The truth is the forty lacked a window too. David baker had a rotten run up to perth with a broken 2nd mans cab side window. Springburn 'neds' had doen a few of the locos sitting on pole position, the forty probably being allocated ecs down the tunnel. In fact i think it banked out the 1650 ft bill.
So back to my point, loco type aside. Was it all a misspent youth? Well yes and no of course. It taught me to be independent and positive to making new friends with like minded strangers. It taught me to be far more egalitarian, in fact pretty socialist. Most bashers I met came from terraced houses in the midlands, owned one denim jacket and one rabbit trimmed parka and spent every spare penny on bashing.
Socialism is about to be a really useful skill set as we move into economic catastrophe, having been a ridiculed political stand point why we all raan up bigger debts than under any actual socialist government.
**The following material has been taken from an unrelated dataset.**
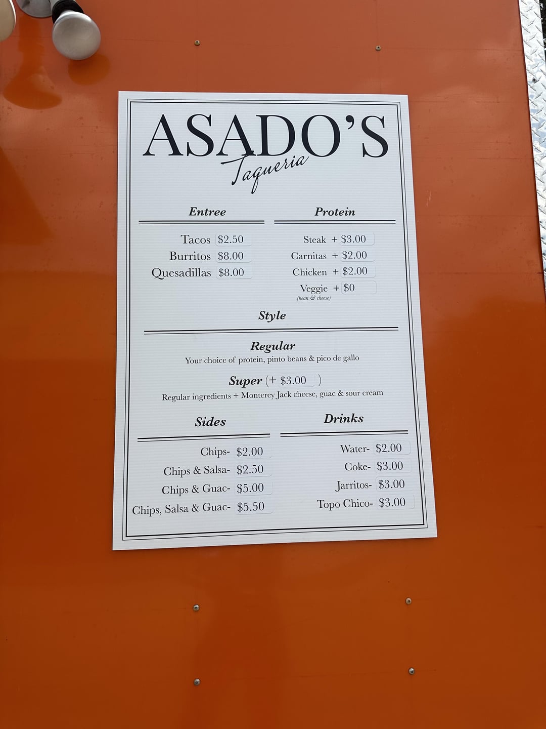 I went to try Asados Taqueria! They were closed for 3 years and the owner used to have a shop inside of springdale. They have since reopened doing cali mex and mission style burritos! I got the steak burrito super style for 14 and asked for it to be crispy. and the quesadilla with carnitas for 10. I ate one of the quesadilla pieces in the photo but it comes with 4! Man it was so delicious, I think this is the best cali mex i’ve had in Austin ever. Menu is attached at the very end !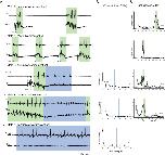 Figure 2. The activity of the parabrachial nucleus during fictive advertisement calls.(A). Local field potential (LFP) recordings obtained from the parabrachial nucleus (PBN) during fictive advertisement calling in male X. amieti (i), male X. cliivi (ii), male X. peterii (iii), male X. laevis (iv), and male X. tropicalis (v). Top traces; laryngeal nerve recording, bottom traces: PBN LFP recordings. The green and blue backgrounds indicate fast (>50 Hz) and slow (<35 Hz) compound action potentials (CAPs), respectively. Vertical lines below the traces labeled with ‘stim’ indicate the timing of electrical pulses delivered to the RLCB (Figure 1D) to elicit fictive advertisement calls in some cases. (B). mean power spectral density (PSD) of PBN LFP recordings during fictive slow clicks seen in A. Blue frames show the mean ± std of the CAP rates for slow clicks. (C). Mean PSD of PBN LFP recordings during fictive fast clicks seen in A. Green frames show the mean ± std of the CAP rates for fast clicks. |

There are downsides- it is not good for your health and there is a large amount of passiveness about being taken evverywhere on someone elses system and timetable.
Other skills you acquire though? Independence and self reliance. Communication. And above all planning, logistics and risk management in doing moves like Kilmarnock or Cærsws.
That and seeing scotland in particular from the relaxing arm chair seat that was the mark I corridor carraige of BR. That was worth it all.
It was big because it was a drop: the duff had its windscreen smashed, the 40 had its second man cab side window also smashed but there were no other type 4s available ( think it ran NB ?)
40170 1N05 2330 Glasgow QS - Inverness, to Perth 26 July 1983
Bradford Bender and co came on at Gleneagles - guess they took the euston -inverness sleeper or a local service or perhaps the edingburgh portion went that way.
40170 was in great nick and gave a superb run, perhaps Peter Walker and Davey Baker in control.
It then worked the down service, piloting a 47 south as far as stirling for the QS-Waverly split at the time.